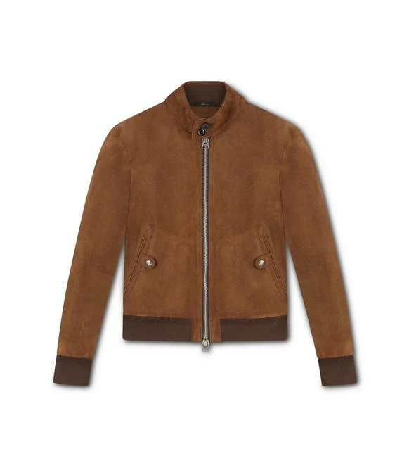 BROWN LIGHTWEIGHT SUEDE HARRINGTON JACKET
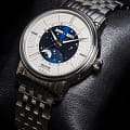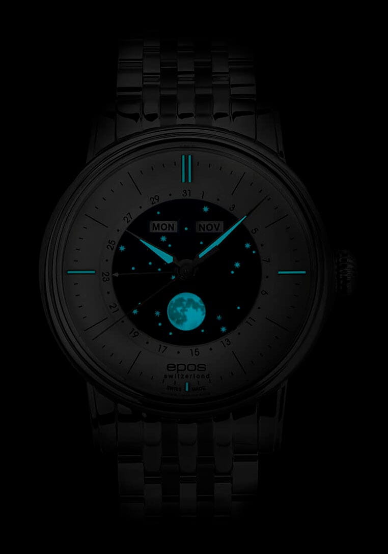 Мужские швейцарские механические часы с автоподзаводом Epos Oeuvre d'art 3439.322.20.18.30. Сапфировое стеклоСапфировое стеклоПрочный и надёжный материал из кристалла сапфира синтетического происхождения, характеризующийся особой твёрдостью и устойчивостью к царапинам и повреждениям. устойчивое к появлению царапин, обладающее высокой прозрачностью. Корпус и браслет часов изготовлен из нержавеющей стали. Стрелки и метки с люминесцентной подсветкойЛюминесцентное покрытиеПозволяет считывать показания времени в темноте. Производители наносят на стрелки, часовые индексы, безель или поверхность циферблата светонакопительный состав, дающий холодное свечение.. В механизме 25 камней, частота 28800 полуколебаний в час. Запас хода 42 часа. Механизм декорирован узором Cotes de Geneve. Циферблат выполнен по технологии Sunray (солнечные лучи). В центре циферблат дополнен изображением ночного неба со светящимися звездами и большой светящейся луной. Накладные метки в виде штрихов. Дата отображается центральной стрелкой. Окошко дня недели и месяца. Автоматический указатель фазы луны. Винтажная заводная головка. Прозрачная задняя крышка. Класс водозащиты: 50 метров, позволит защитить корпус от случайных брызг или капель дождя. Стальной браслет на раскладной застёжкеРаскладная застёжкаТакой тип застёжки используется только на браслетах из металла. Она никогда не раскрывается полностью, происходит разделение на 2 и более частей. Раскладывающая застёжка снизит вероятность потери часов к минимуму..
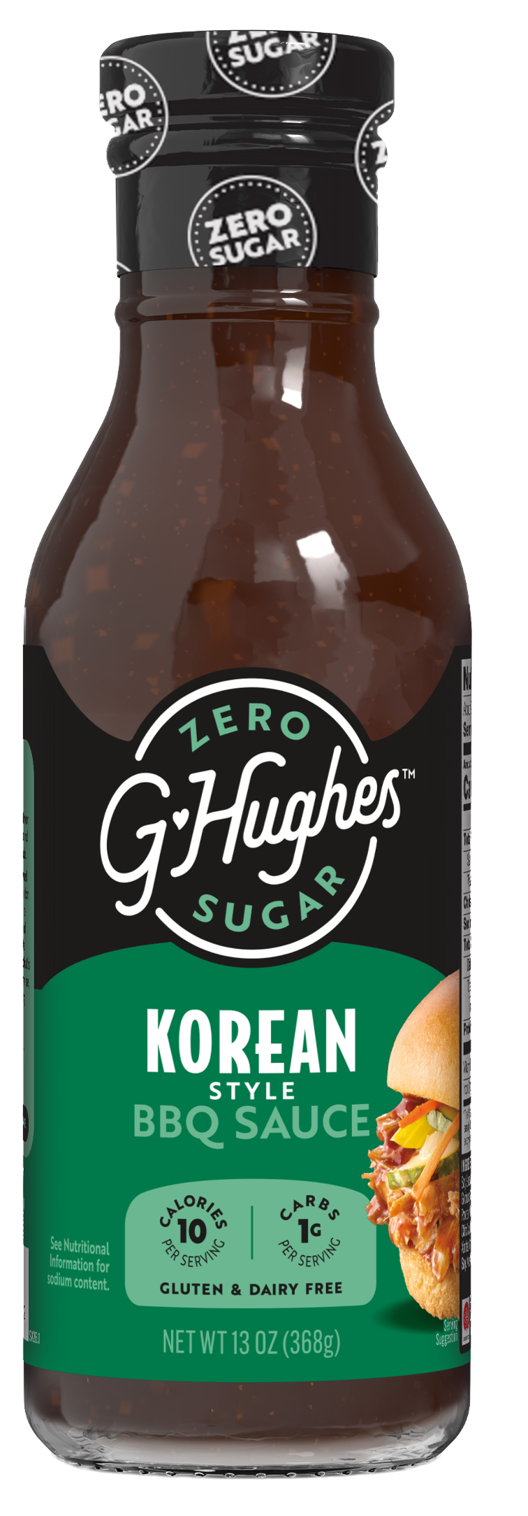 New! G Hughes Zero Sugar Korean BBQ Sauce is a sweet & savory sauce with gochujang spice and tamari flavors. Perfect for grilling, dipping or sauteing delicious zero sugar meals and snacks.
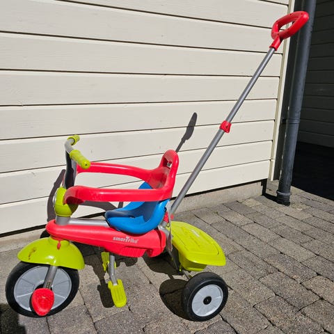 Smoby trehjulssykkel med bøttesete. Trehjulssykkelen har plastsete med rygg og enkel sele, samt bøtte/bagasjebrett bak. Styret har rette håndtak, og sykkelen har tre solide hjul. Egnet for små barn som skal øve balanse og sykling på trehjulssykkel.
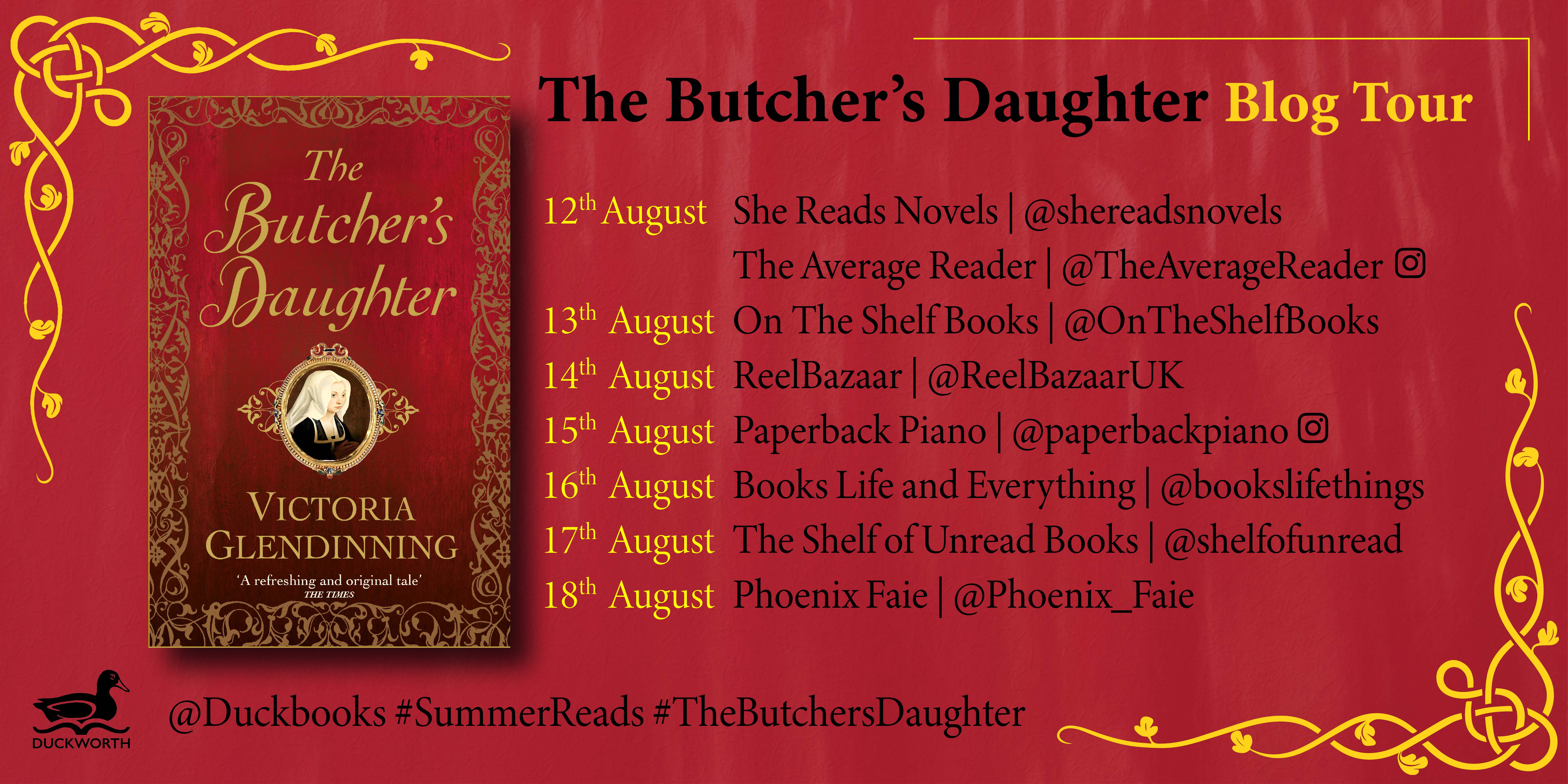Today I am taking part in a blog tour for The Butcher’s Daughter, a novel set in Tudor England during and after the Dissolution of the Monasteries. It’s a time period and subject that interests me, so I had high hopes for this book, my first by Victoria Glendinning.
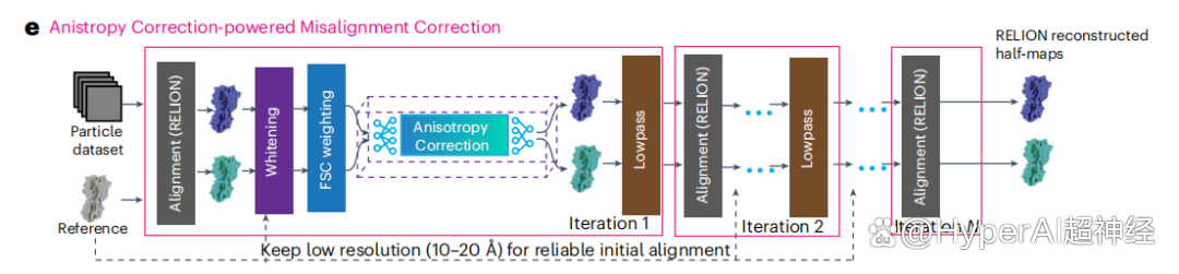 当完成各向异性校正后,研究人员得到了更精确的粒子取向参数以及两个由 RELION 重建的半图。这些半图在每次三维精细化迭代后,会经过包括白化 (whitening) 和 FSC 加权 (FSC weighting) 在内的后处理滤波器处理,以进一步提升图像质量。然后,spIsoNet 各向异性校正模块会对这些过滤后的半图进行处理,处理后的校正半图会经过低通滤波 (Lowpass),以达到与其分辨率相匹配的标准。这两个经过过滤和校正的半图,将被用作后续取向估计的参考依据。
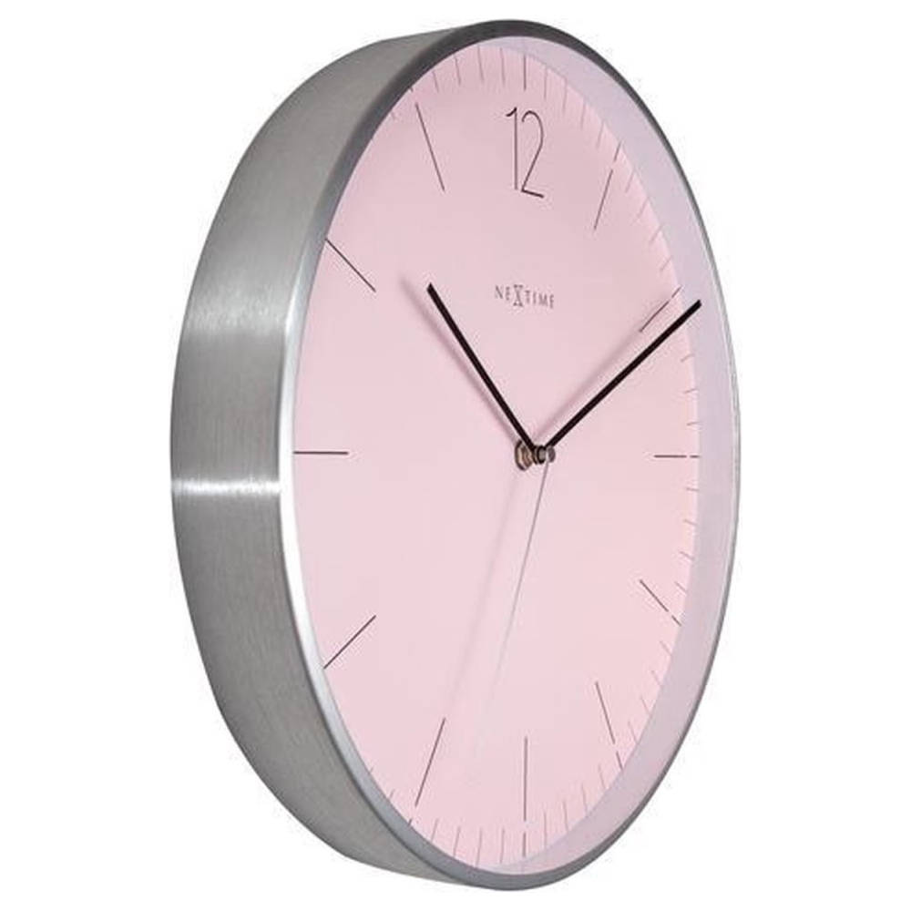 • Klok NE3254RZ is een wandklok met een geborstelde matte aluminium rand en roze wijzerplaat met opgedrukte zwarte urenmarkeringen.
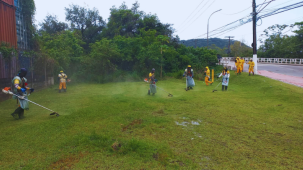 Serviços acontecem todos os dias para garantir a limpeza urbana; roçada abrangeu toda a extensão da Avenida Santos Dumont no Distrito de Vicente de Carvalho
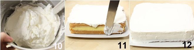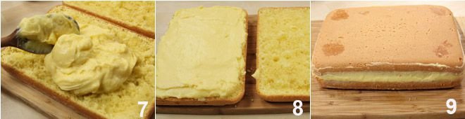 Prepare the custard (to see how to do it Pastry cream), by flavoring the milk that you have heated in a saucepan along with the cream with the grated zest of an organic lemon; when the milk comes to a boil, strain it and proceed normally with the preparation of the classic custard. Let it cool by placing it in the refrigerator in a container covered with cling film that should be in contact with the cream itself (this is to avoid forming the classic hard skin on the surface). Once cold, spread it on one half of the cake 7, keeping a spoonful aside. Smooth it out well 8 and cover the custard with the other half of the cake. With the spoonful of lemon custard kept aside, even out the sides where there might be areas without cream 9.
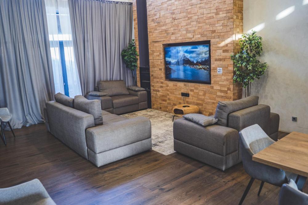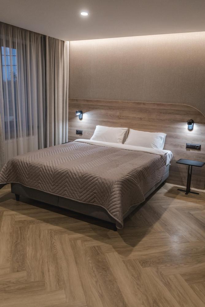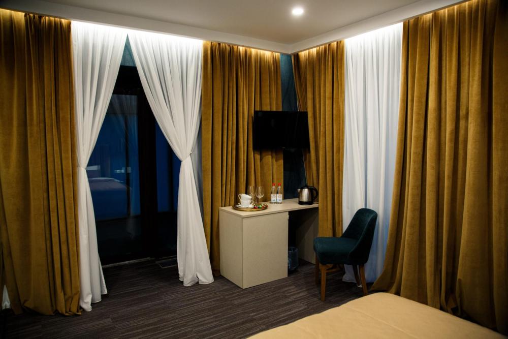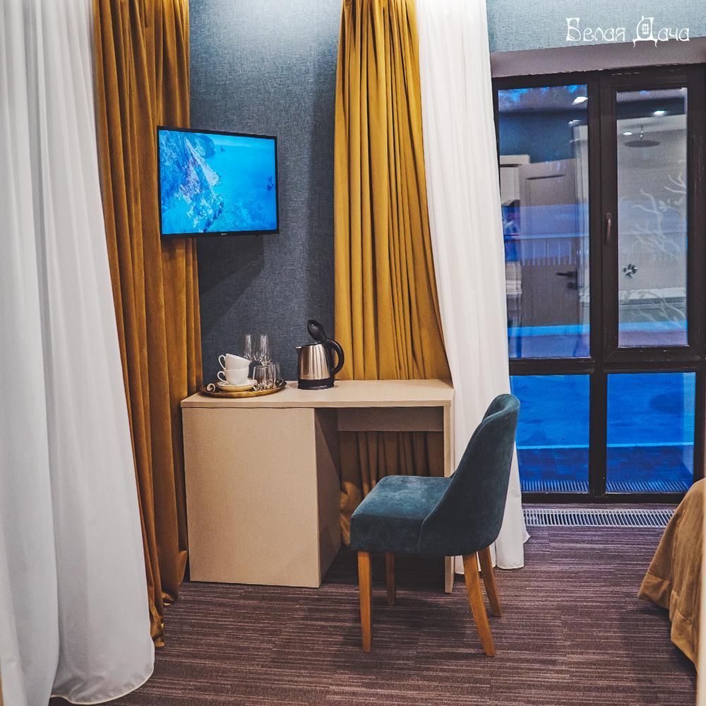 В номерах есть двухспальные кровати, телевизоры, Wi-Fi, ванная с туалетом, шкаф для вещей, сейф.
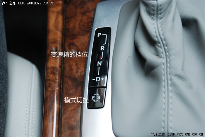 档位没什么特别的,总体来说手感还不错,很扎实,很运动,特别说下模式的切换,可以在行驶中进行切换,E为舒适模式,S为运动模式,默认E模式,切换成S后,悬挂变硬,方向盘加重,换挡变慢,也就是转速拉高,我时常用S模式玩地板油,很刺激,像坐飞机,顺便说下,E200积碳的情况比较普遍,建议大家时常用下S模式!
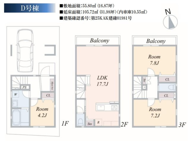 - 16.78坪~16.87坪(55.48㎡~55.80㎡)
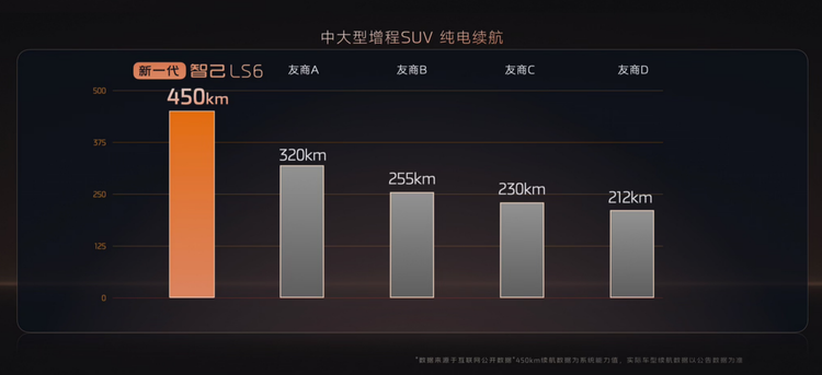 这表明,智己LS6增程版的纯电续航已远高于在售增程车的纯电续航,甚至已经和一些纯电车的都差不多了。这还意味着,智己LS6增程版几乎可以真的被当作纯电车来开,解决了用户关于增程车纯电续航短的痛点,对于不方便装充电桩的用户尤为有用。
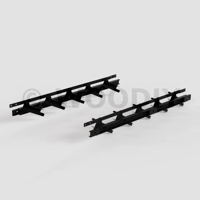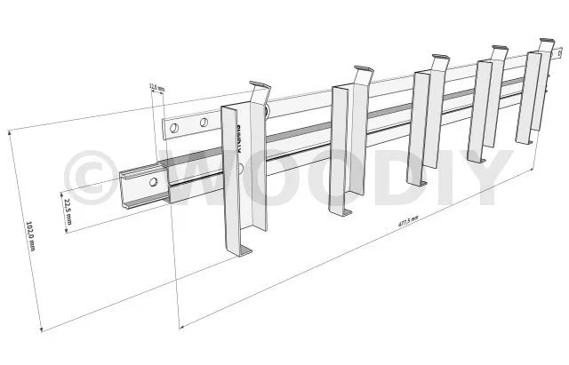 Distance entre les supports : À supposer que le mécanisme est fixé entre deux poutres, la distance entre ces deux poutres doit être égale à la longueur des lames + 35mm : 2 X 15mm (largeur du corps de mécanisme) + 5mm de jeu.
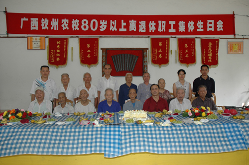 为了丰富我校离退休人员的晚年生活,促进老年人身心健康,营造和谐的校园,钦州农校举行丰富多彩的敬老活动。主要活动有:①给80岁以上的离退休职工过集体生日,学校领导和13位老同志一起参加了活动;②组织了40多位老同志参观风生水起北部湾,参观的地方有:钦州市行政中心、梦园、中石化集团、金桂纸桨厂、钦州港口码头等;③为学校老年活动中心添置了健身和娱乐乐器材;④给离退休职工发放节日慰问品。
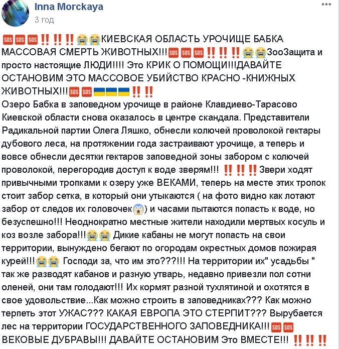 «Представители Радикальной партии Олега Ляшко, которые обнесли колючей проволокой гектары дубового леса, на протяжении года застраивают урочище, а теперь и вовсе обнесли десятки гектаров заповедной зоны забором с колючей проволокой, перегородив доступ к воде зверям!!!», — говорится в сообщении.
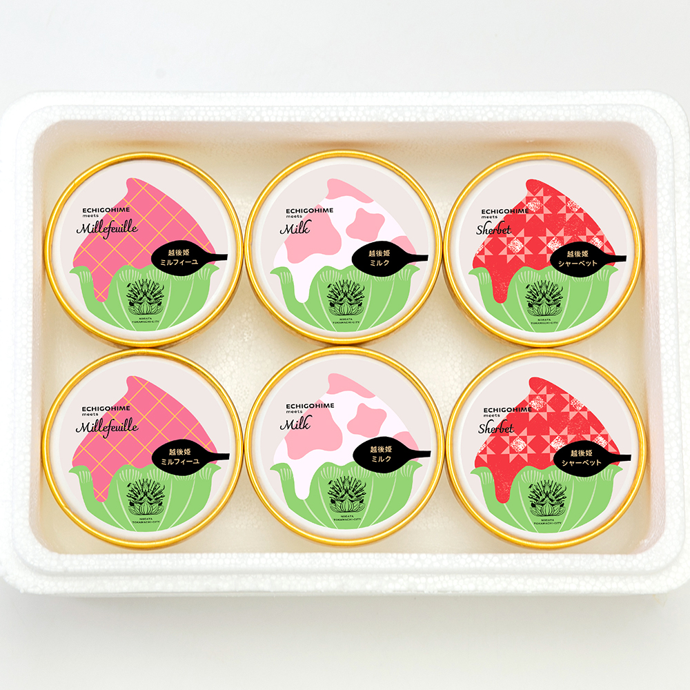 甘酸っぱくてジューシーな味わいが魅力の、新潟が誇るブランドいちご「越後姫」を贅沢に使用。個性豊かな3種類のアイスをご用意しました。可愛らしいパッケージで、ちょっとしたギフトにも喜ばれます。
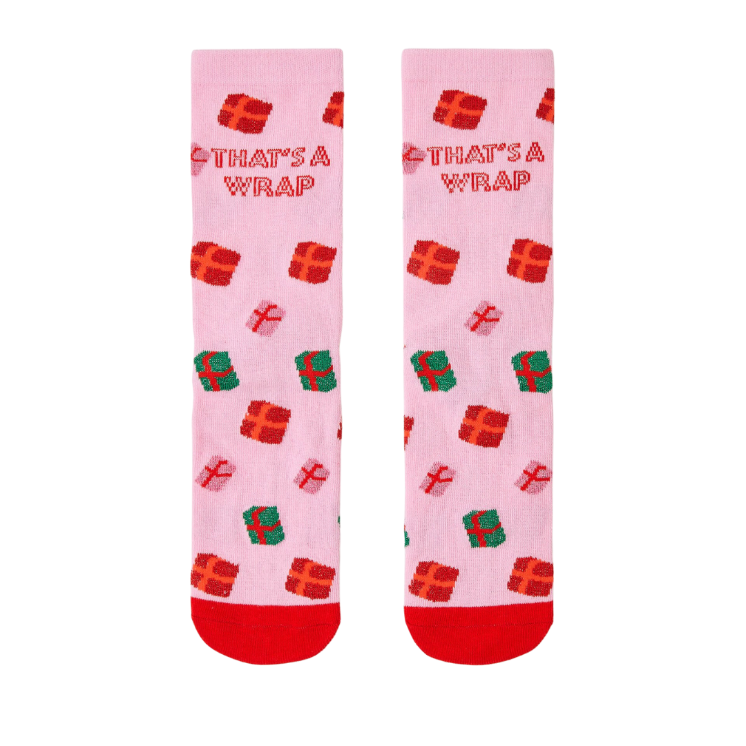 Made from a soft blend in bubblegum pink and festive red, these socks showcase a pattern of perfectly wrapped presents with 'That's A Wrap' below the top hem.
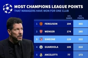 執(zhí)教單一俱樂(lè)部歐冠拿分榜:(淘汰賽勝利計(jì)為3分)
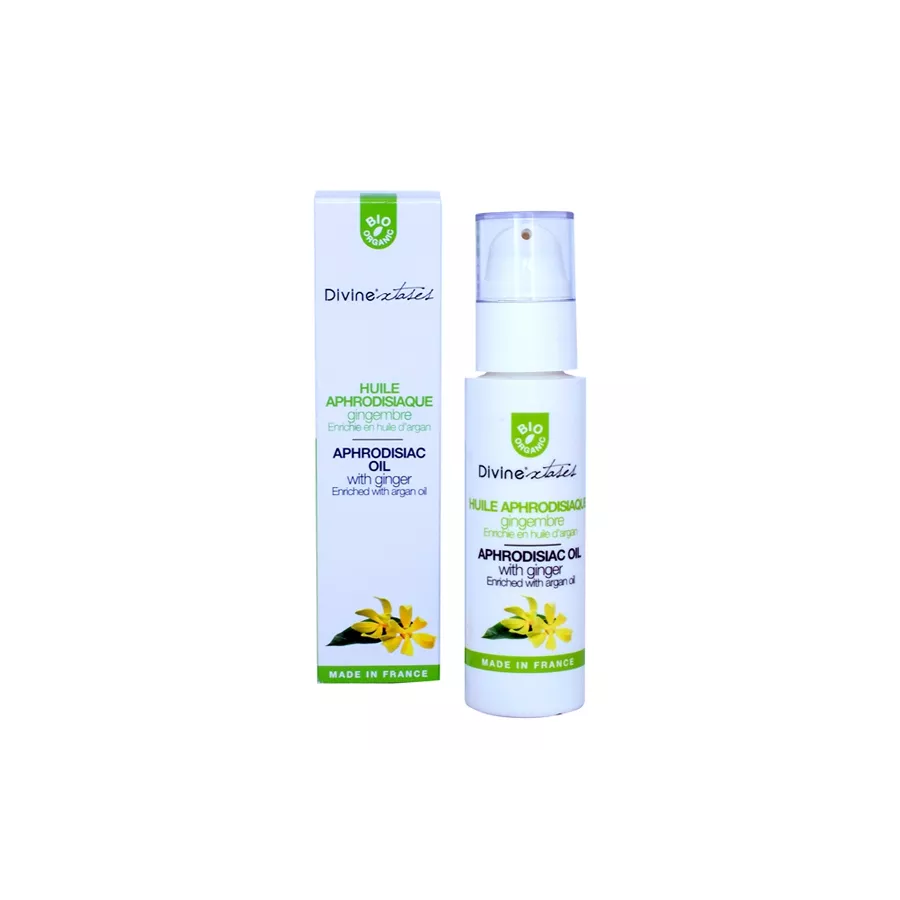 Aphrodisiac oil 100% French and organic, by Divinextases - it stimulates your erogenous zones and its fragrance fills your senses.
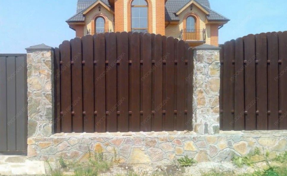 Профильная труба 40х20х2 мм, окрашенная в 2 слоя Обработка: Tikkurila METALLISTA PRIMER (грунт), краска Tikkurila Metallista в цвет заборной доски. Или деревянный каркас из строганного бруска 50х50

--

Work required:
Would you restate, word for word and with no pictures, only the lines from the opening of the material through the line with "Smoby trehjulssykkel med", both included?

Result for this task:
 BROWN LIGHTWEIGHT SUEDE HARRINGTON JACKET
 Мужские швейцарские механические часы с автоподзаводом Epos Oeuvre d'art 3439.322.20.18.30. Сапфировое стеклоСапфировое стеклоПрочный и надёжный материал из кристалла сапфира синтетического происхождения, характеризующийся особой твёрдостью и устойчивостью к царапинам и повреждениям. устойчивое к появлению царапин, обладающее высокой прозрачностью. Корпус и браслет часов изготовлен из нержавеющей стали. Стрелки и метки с люминесцентной подсветкойЛюминесцентное покрытиеПозволяет считывать показания времени в темноте. Производители наносят на стрелки, часовые индексы, безель или поверхность циферблата светонакопительный состав, дающий холодное свечение.. В механизме 25 камней, частота 28800 полуколебаний в час. Запас хода 42 часа. Механизм декорирован узором Cotes de Geneve. Циферблат выполнен по технологии Sunray (солнечные лучи). В центре циферблат дополнен изображением ночного неба со светящимися звездами и большой светящейся луной. Накладные метки в виде штрихов. Дата отображается центральной стрелкой. Окошко дня недели и месяца. Автоматический указатель фазы луны. Винтажная заводная головка. Прозрачная задняя крышка. Класс водозащиты: 50 метров, позволит защитить корпус от случайных брызг или капель дождя. Стальной браслет на раскладной застёжкеРаскладная застёжкаТакой тип застёжки используется только на браслетах из металла. Она никогда не раскрывается полностью, происходит разделение на 2 и более частей. Раскладывающая застёжка снизит вероятность потери часов к минимуму..
 New! G Hughes Zero Sugar Korean BBQ Sauce is a sweet & savory sauce with gochujang spice and tamari flavors. Perfect for grilling, dipping or sauteing delicious zero sugar meals and snacks.
 Smoby trehjulssykkel med bøttesete. Trehjulssykkelen har plastsete med rygg og enkel sele, samt bøtte/bagasjebrett bak. Styret har rette håndtak, og sykkelen har tre solide hjul. Egnet for små barn som skal øve balanse og sykling på trehjulssykkel.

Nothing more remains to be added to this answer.